Great Asbestos Trial: Post-Verdict Developments 

by Laurie Kazan-Allen



The landmark judgment handed down on February 13, 2012 by the Turin Criminal Court which convicted asbestos defendants Stephan Schmidheiny and Baron Louis de Cartier de Marchienne of causing wilful permanent environmental disaster and failing to comply with safety rules continues to reverberate in Italy and abroad.1 On May 14, 2012, the “Motivazioni” (English translation: the motivations of reasons) for the verdict was announced, as a result of which more details have become available; the trial judges acknowledged a total of 6,392 injured parties and ordered financial penalties of €5 billion, of which €92m of interim payments are already overdue. On July 16, 2012, it was reported that Cesare Zaccone, a member of Schmidheiny's legal team, has submitted a 500-page appeal to the Turin Court, which looks to overturn the verdict on grounds of constitutionality, jurisdiction and statute of limitations.2

Two weeks earlier (June 28), the Turin Public Prosecutor who pioneered this case – Raffaele Guariniello – announced that he had appealed the judgment. Considering the crimes committed, 16 years in jail was an insufficient punishment. Guariniello is calling for the sentences to be increased to 20 years for both defendants.3 The public prosecutor's office, he added, is now investigating the deaths of 117 Italians who worked in the Swiss and German Eternit plants as well as the asbestos deaths of Italians in Brazil and France who were exposed to Eternit asbestos.4 Peer-reviewed research published this year (2012) in the paper “Asbestos Fibre Burden in the Lungs of Patients with Mesothelioma Who Lived Near Asbestos-Cement Factories” will, no doubt, inform future charges; Italian epidemiologists substantiated the public health risk in towns where asbestos manufacturing operations polluted the environment. For the general populations of Casale Monferrato and Bari, towns where there were asbestos-cement factories, the scientists have corroborated “an increased mesothelioma risk for the general population”.5

The Italian Minister of Health Renato Balduzzi became involved in the Eternit proceedings towards the end of last year (2011), when one of the defendants began settlement negotiations with the town council of Casale Monferrato, the municipality at the heart of the case.
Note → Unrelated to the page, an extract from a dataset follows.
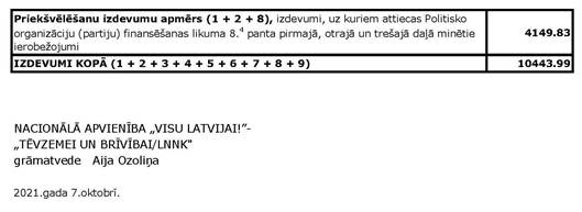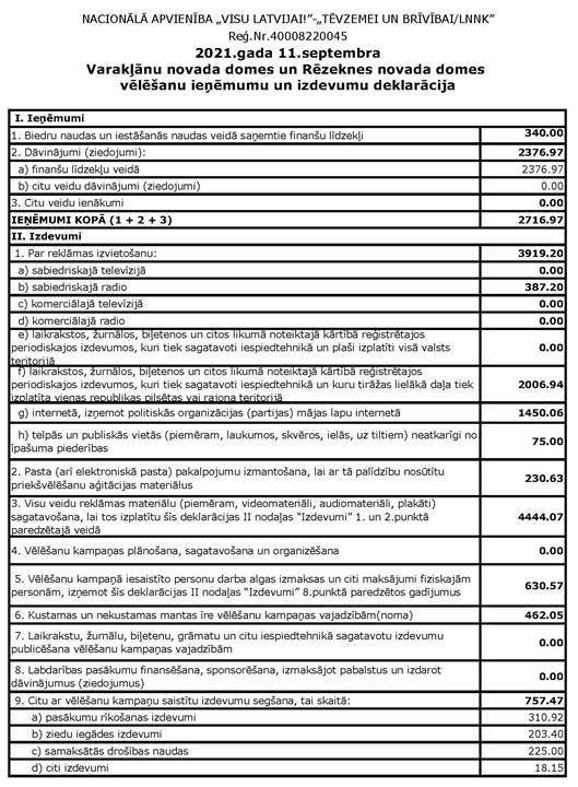 2021.gada 11.septembra vēlēšanu ieņēmumu un izdevumu deklarācija

Since then, Balduzzui has taken every opportunity to raise the profile of Italy's ongoing asbestos emergency at national and international meetings. On April 24, Balduzzi proposed that the European Commission establish an EU network of asbestos-related disease centers of excellence during discussions with EU Commissioner for Health John Dalli at a meeting of EU Health Ministers in Denmark.6 Dalli's reaction was, the Italian Health Ministry reported, supportive of this proposal.

Of course, Eternit was not the only Italian company whose asbestos profits resulted in deadly exposures to workers and community members. An epidemiological survey ordered by Guaraniello regarding mortality from asbestos-related disease amongst the workforce at an asbestos factory in Grugliasco, Turin has uncovered an asbestos death rate of 29%: out of 824 fatalities, 237 were due to asbestos-related diseases. Investigations are ongoing regarding the cause of death of the 2,542 workers who were employed at this factory during the 20th century. Guariniello has also, according to the Italian newspaper “La Stampa,” started an investigation into the elevated incidence of mesothelioma cancer deaths amongst army tank personnel and maintenance staff; data accumulated by the Prosecutor regarding this situation has been submitted to a Senate committee investigating occupational cancer amongst military personnel. In this context, it is of interest to note that the products manufactured at the Grugliasco plant, which used a total of 60 million kilos of asbestos for textile production, were mainly sold to the military.7

July 17, 2012


1 Kazan-Allen L. Landmark Verdict for Italian Asbestos Victims. February 18, 2012
Kazan-Allen L. Clarification of Turin Judgment. February 22, 2012.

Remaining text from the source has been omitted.